* **Assignment**: Repeat exactly the lines below, from the line containing "첫 사진 알티 인용 수만" through the last line, both included. Leave out any pictures.

* **Records from a data source**:
------------------------------
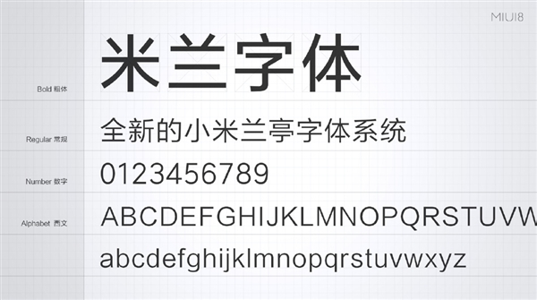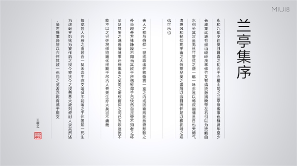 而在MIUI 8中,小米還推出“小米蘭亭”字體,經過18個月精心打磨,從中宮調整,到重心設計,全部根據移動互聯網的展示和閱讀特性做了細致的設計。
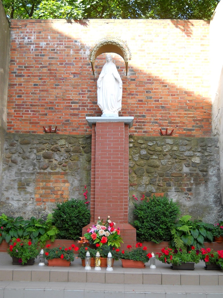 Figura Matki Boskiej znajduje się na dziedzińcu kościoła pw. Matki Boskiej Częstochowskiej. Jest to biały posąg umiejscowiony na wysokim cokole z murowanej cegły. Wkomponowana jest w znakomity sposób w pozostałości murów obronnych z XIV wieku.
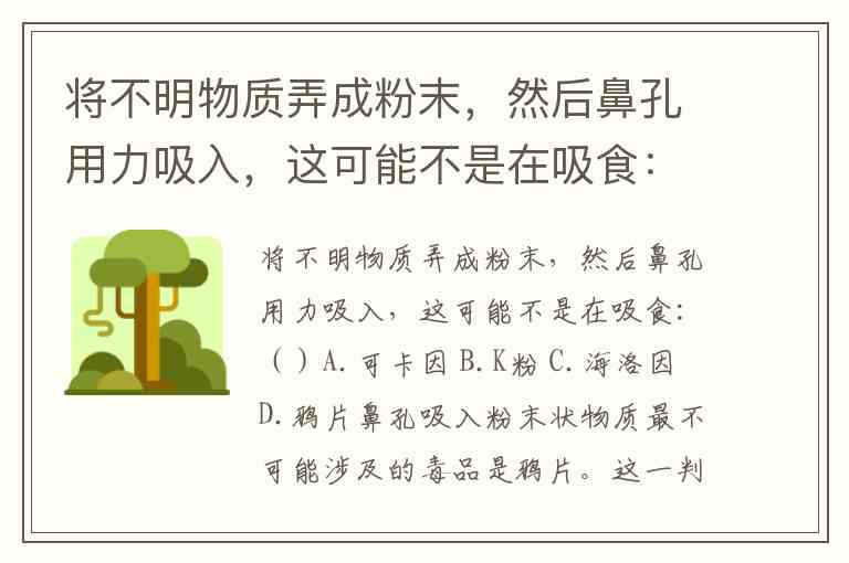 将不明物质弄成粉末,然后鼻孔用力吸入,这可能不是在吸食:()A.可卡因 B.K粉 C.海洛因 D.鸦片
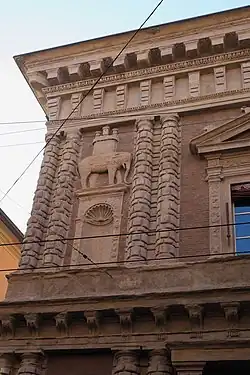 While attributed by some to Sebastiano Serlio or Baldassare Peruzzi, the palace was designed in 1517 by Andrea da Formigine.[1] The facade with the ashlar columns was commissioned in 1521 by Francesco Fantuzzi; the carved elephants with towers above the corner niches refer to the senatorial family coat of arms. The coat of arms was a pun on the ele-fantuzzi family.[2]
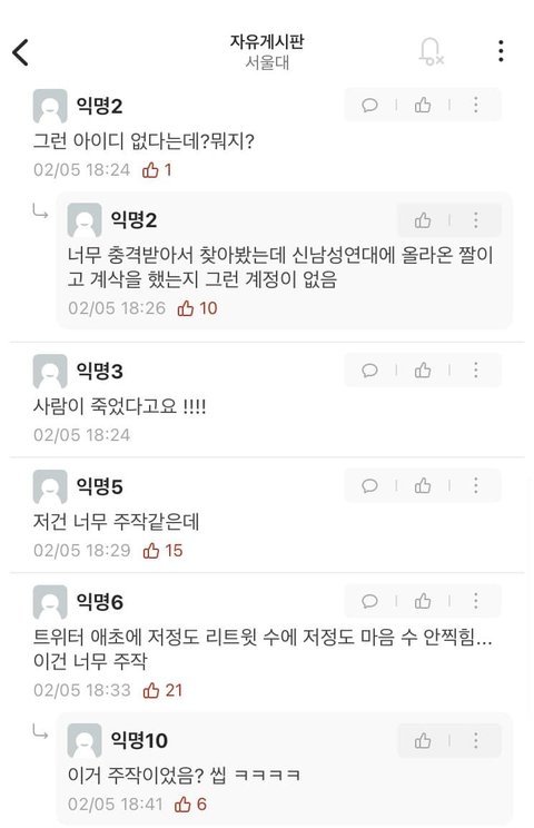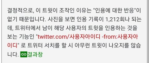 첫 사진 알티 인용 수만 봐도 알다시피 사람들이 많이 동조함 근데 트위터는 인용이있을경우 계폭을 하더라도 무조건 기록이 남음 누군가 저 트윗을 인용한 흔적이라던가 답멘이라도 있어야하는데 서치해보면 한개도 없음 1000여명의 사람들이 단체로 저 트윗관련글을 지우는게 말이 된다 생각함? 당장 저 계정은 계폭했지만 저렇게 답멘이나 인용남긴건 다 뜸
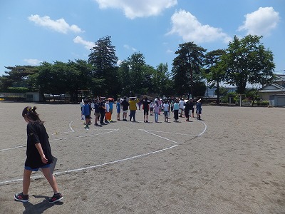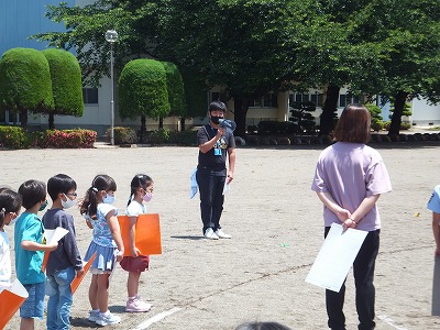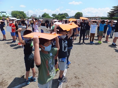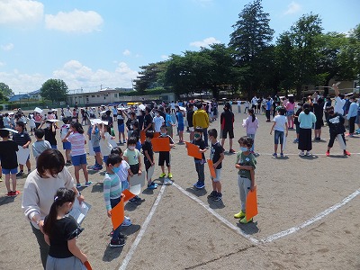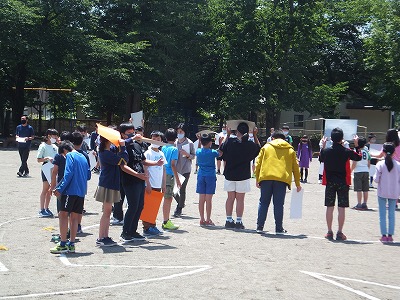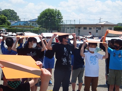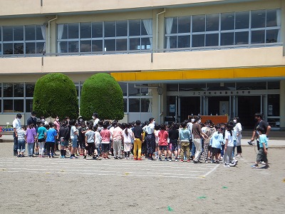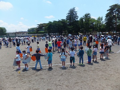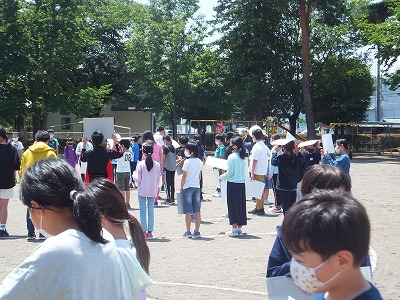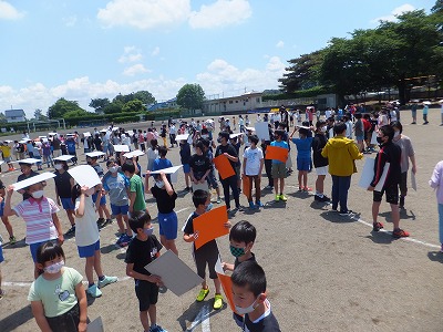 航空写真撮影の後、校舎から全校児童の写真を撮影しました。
------------------------------
* **Task response**:
 첫 사진 알티 인용 수만 봐도 알다시피 사람들이 많이 동조함 근데 트위터는 인용이있을경우 계폭을 하더라도 무조건 기록이 남음 누군가 저 트윗을 인용한 흔적이라던가 답멘이라도 있어야하는데 서치해보면 한개도 없음 1000여명의 사람들이 단체로 저 트윗관련글을 지우는게 말이 된다 생각함? 당장 저 계정은 계폭했지만 저렇게 답멘이나 인용남긴건 다 뜸
 航空写真撮影の後、校舎から全校児童の写真を撮影しました。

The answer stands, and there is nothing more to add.